A bit of politics
The UK is one of the most centrally controlled countries in the developed world. Over 40 years, Westminster has gradually removed more and more powers and decisions from individuals and councils and placed them in the largesse of ministers in Whitehall. Thus we now endure such spectacles as a Secretary of State answering questions on Newsnight regarding local hospitals in Worcestershire. The proliferation of wasteful quangos, standards boards and auditors is a direct consequence of the centre removing autonomy from the localities, and needing to build a vast and unwieldy infrastructure to manage this centralised state. And as local councils have been disempowered, so individuals have become increasingly disenchanted with the wildly ambitious promises of political parties which do not share local priorities, but commit to expensive and probably unachievable national schemes which – if the last Labour government is anything to go by – more often than not come to nothing.
I believe this accumulation of power in Westminster is deeply harmful to individual freedom of choice, because it tends to remove decisions from where they should be made – at the closest possible local level – and gives them to ministers with an understandably tenuous grasp of the localities they are making decisions about.
The thing is, Westminster recognises the problem, and the solution, but lacks the appetite or principle to actually deliver it. In an article in the Guardian on 17th February 2009, David Cameron made three commitments which were almost enough to make me flirt with the idea of voting Conservative for the first time in my life. They were:
- Giving local people more power (in a rather vague and undefined way, but the sentiment was sound)
- Giving local councils more power and responsibility (with a promise of a “general power of competence”)
- Elected mayors for major cities
But, as with all Prime Ministers, promises made in opposition to give away power suddenly become less attractive once you are in power yourself. And so we’ve heard very little about the first commitment, and the third was pretty comprehensively rejected in the 2012 elections (having received little visible support from the Prime Minister).
That leaves the second commitment, which has been followed through in the 2011 Localism Act, which does, indeed, include a general power of competence to councils. One out of three is something, I suppose.
If you read the restrictions and regulations around the general power of competence, though, it’s clear that while it meets the letter of what the Prime Minister promised, it’s a long way from radical decentralisation. In particular, although it allows for council tax referendums, it does so at the discretion of the Westminster Secretary of State. And furthermore, there are significant powers for the Secretary of State to intervene over and above his power in previous legislation:
Limits on the use of the power
The Secretary of State will be able to set conditions on use of the general power, an extension of central control in comparison with the well-being powers. This may be intended as a reserve power, to be available should any ‘speculative activities’ risk going too far. In any event, the Secretary of State will have a reserve power to intervene and place limits on what authorities can do
Anyone familiar with Harcourt’s rousing definition of Liberalism can smell the stench of despotic government in the Secretary of State’s “reserve powers”:
Liberty does not consist in making others do what you think right. The difference between a free Government and a Government which is not free is principally this—that a Government which is not free interferes with everything it can, and a free Government interferes with nothing except what it must. A despotic Government tries to make everybody do what it wishes; a Liberal Government tries, as far as the safety of society will permit, to allow everybody to do as he wishes.

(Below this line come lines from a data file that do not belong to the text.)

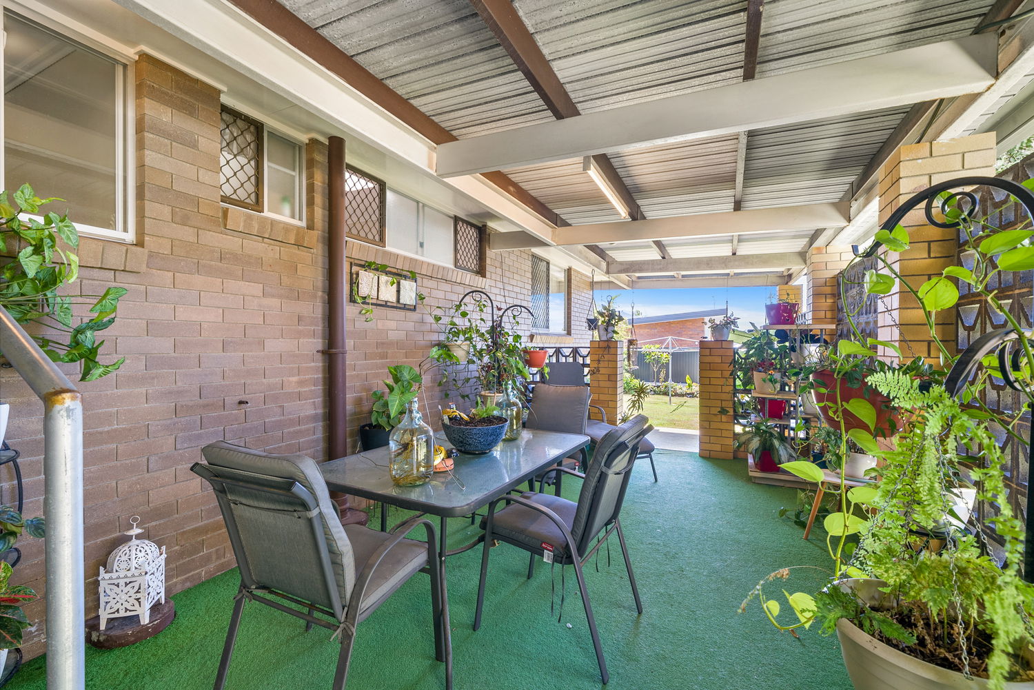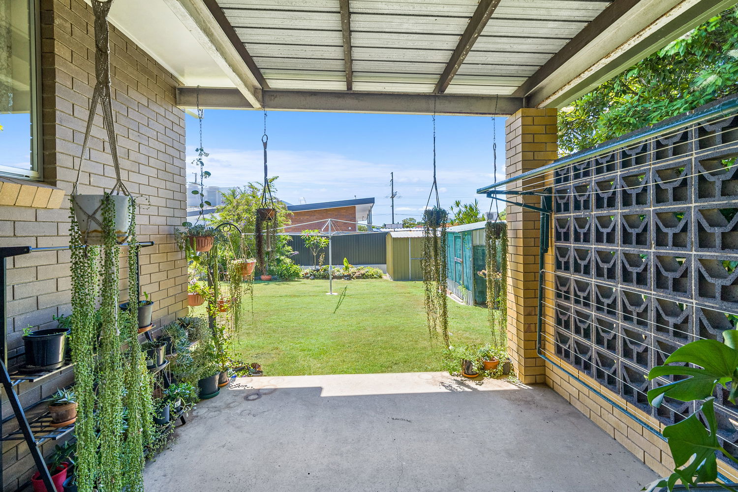 * Large, covered patio area with breezeblocks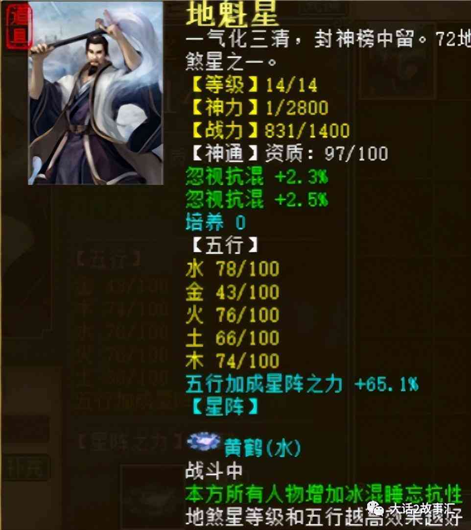 14级的星卡资质97,绿字是忽视抗混4.8,带黄鹤星阵。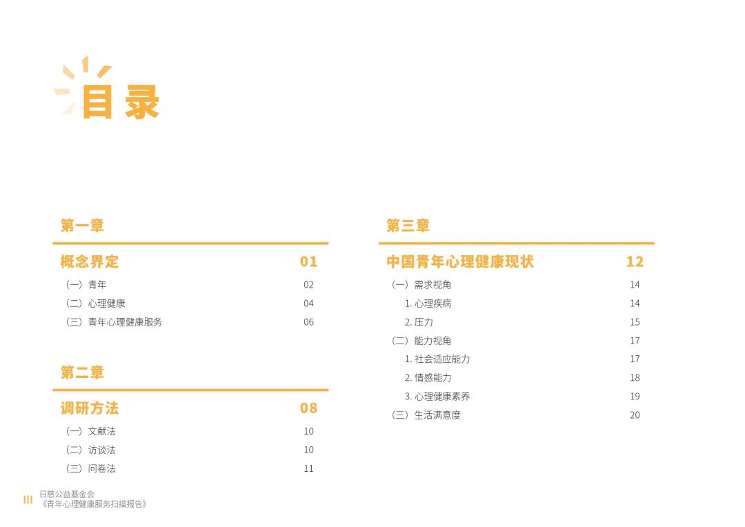 本报告由日慈的全职团队、研究助理、志愿者以及外部专家共同完成,期间得到了周正、姚灏、钱月皎和郜宪达四位审阅专家分别从心理学、精神科与公共卫生、心理治疗和社会工作视角出发所给出的反馈。访谈过程中,还得到了超过五十余名教师、学生以及心理、青年领域从业者的积极配合。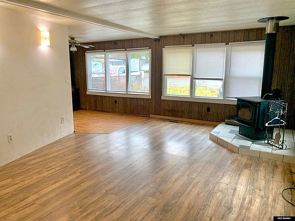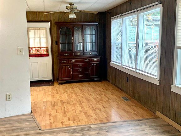 Quiet, double wide mobile home, with covered front and back porch, lots of windows to let the sunshine in. Spacious bedrooms, roomy kitchen, and two heat sources including a wood stove to help keep the heating bills down. New bathroom flooring. Great starter home, or place to downsize. Open concept layout. Metal roof was replaced 10 years ago, newer front loading washer and dryer, outbuildings and sheds. Cash only, being sold as-is. A little TLC and this could be a gem.

If radical decentralisation is to mean anything more than tinkering with existing laws, it should be a wholesale restoration of powers taken by Westminster back to localities – the kind of really big reform that Cameron has shied away from. This would include areas such as housing, health, welfare, transport, integration of refugees and immigrants, care for the elderly, culture and tourism, public utilities, policing and local taxation. In short, the kind of powers devolved to the Edinburgh and Cardiff assemblies should become the norm for county councils and city councils. Westminster should operate on the principle that the only decisions taken by the British Parliament should involve genuinely national issues such as foreign policy, defence, international trade and transportation and the normalisation of justice. And these principles also apply to our involvement in the EU. Nick Clegg’s insights in The Orange Book remain troublingly true – for all it remains a worthy institution, it’s far too concerned with interfering in local decisions (in contravention of its own rules on subsidiarity) than in tackling issues like international terrorism.

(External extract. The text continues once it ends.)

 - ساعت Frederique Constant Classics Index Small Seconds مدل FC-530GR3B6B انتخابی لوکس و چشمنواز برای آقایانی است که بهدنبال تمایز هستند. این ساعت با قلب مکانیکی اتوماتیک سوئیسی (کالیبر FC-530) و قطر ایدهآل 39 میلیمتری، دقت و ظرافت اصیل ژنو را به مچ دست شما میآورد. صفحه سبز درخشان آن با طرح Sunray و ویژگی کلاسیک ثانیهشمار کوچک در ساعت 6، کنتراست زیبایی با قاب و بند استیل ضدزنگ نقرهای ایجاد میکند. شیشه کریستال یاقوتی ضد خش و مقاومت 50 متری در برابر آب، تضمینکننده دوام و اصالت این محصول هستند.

I wouldn’t advocate regional assemblies – for me, like the Edinburgh and Cardiff parliaments, they’re an unnecessary additional tier of government that distances people from the decisions that affect them – but re-empower the existing county council structure, with control over much of its own funding. The Scandinavian countries have adopted this kind of local government to great effect, in particular Denmark, which is more decentralised than most federal states, enjoys a greater transparency in government, with spending much more closely aligned to the priorities of voters.
In the 21st Century, I believe that radical decentralisation should be a primary aim. It’s aligned with technological developments which are making it easier to decentralise knowledge and information, and it offers an opportunity to re-engage individuals with the political process by ensuring that their elected representatives are accessible, and have a shared investment in developing and delivering in the locality.
In power, David Cameron has abandoned his commitment to radical decentralisation. I’d like to see the Liberals and Labour take up the cause, and for the first time in a generation, genuinely return power to the people.